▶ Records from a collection
┌──
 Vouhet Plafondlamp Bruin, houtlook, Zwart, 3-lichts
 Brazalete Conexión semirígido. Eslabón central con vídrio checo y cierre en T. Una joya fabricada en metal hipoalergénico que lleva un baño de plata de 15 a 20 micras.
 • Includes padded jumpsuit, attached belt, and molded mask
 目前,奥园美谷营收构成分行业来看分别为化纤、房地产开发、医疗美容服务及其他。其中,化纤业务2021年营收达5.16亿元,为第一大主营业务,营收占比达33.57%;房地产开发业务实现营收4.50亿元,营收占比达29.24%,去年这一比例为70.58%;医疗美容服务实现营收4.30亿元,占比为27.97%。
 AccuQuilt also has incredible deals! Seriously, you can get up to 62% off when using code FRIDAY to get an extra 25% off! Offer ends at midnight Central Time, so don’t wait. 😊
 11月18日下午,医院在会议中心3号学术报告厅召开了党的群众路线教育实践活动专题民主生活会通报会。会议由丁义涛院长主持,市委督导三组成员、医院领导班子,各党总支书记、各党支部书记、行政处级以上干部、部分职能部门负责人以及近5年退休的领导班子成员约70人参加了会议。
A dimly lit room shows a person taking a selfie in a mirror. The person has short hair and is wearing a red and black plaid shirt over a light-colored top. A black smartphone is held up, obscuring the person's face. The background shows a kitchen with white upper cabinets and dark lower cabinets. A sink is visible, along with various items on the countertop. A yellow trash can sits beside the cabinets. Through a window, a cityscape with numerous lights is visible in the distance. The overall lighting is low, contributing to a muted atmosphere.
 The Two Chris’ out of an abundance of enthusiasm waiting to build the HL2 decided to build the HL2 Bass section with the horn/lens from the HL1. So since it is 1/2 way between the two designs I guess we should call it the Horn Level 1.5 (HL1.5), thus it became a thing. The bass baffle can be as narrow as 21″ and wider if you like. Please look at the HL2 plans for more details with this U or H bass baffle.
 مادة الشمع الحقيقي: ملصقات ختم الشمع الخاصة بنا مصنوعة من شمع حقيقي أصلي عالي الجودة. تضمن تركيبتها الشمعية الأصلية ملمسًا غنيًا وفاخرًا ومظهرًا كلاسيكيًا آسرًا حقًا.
└──
▶ ASSIGNMENT
Identify every line above that includes the word "with", and show those lines.

▶ ANSWER SECTION
A dimly lit room shows a person taking a selfie in a mirror. The person has short hair and is wearing a red and black plaid shirt over a light-colored top. A black smartphone is held up, obscuring the person's face. The background shows a kitchen with white upper cabinets and dark lower cabinets. A sink is visible, along with various items on the countertop. A yellow trash can sits beside the cabinets. Through a window, a cityscape with numerous lights is visible in the distance. The overall lighting is low, contributing to a muted atmosphere.
 The Two Chris’ out of an abundance of enthusiasm waiting to build the HL2 decided to build the HL2 Bass section with the horn/lens from the HL1. So since it is 1/2 way between the two designs I guess we should call it the Horn Level 1.5 (HL1.5), thus it became a thing. The bass baffle can be as narrow as 21″ and wider if you like. Please look at the HL2 plans for more details with this U or H bass baffle.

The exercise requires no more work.